The University of Richmond Entrepreneurship Club hosted the New Dominion Angels' monthly meeting Monday night at the Robins School of Business.
Remo Kommnick, president of the entrepreneurship club, invited New Dominion Angels to network with students and hold its conference on campus.
"It's a great opportunity to give to students in terms of real life experience with entrepreneurship finances," Kommnick said. "It's a type of exposure that you wouldn't get in class."
New Dominion Angels is an angel investment group of approximately 35 people who meet in northern Virginia and Richmond. Angel investors are individuals or groups of people who hear presentations from early stage companies seeking capital to get their businesses off the ground or grow their businesses, said Frank Ball and Mike McGinley, New Dominion Angels managing partners.
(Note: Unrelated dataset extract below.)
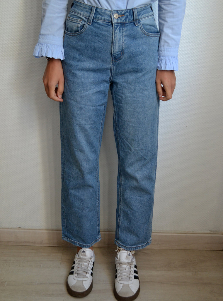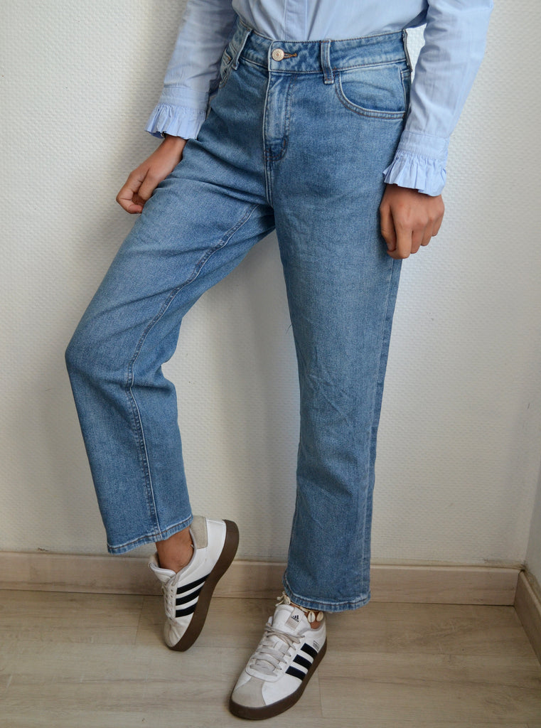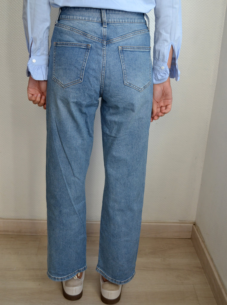Joli jean droit coloris bleu ciel Oraije avec une fermeture par un bouton et un zip.
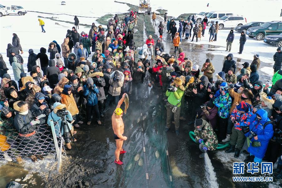 12月18日,一名冬泳愛好者展示冬捕魚(無人機(jī)拍攝)。新華社記者劉磊攝

"When [businesses] aren't quite ready for the big-time venture guys, there is a category called angel investors who step in," Ball said, "because they say, 'Only an angel would give you money' in the early stages."
McGinley said they helped deserving young businesses find access to funds. One distinctive feature of this group is its exclusive focus on the state of Virginia. Although many groups focus on specific industries, New Dominion Angels focuses on geography, Ball said.
"That's why we jokingly call ourselves New Dominion Angels," he said. "With relatively few exceptions, the companies that present are Virginia based."
Students listened to real business pitches by two start-up companies, EntoGenetics and Driveway 2 Driveway, and even participated in scoring the presentations.
"You're dealing with real money," Kommnick said. "You're dealing with real people. These are real decisions and these are decisions that can have a huge impact on a business. The fact that they took our scores in the end and averaged our scores with everyone else's scores kind of made us feel like we had an influence on the business decision."
Hosting the presentation is a helpful learning experience that the club was excited to be taking part in, said freshman Ryan Dickerson, an entrepreneurship club membership chairman.
"The main problem a lot of young entrepreneurs have is finding out how are you going to finance your great ideas," Dickerson said. "Even if you materialize them and have a product, where are you going to go to get the money? So this is really the key stage in actually becoming an entrepreneur and succeeding."